## Dataset content
/---

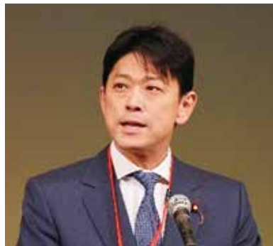
▲高村正大 衆議院議員
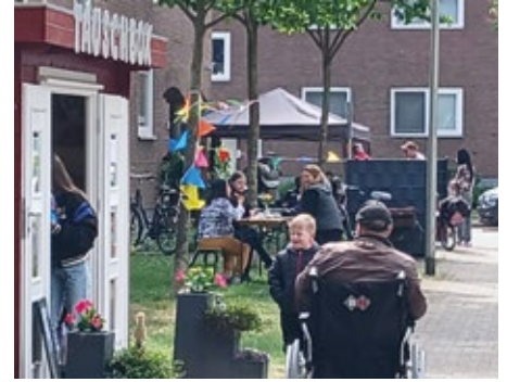
▲ Fest der Nachbarn an der Tauschbox Bocholt
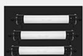
型号 : 6040 尺寸 Size : Ø150×1420mm 流量 Flow : 4T/h 工作压力 Working pressure : 0.1-0.4MPa 接口Connector : DN40

\---

## What to do
Reproduce the whole listing exactly, but not the images in it.

## Task response
▲高村正大 衆議院議員
▲ Fest der Nachbarn an der Tauschbox Bocholt
型号 : 6040 尺寸 Size : Ø150×1420mm 流量 Flow : 4T/h 工作压力 Working pressure : 0.1-0.4MPa 接口Connector : DN40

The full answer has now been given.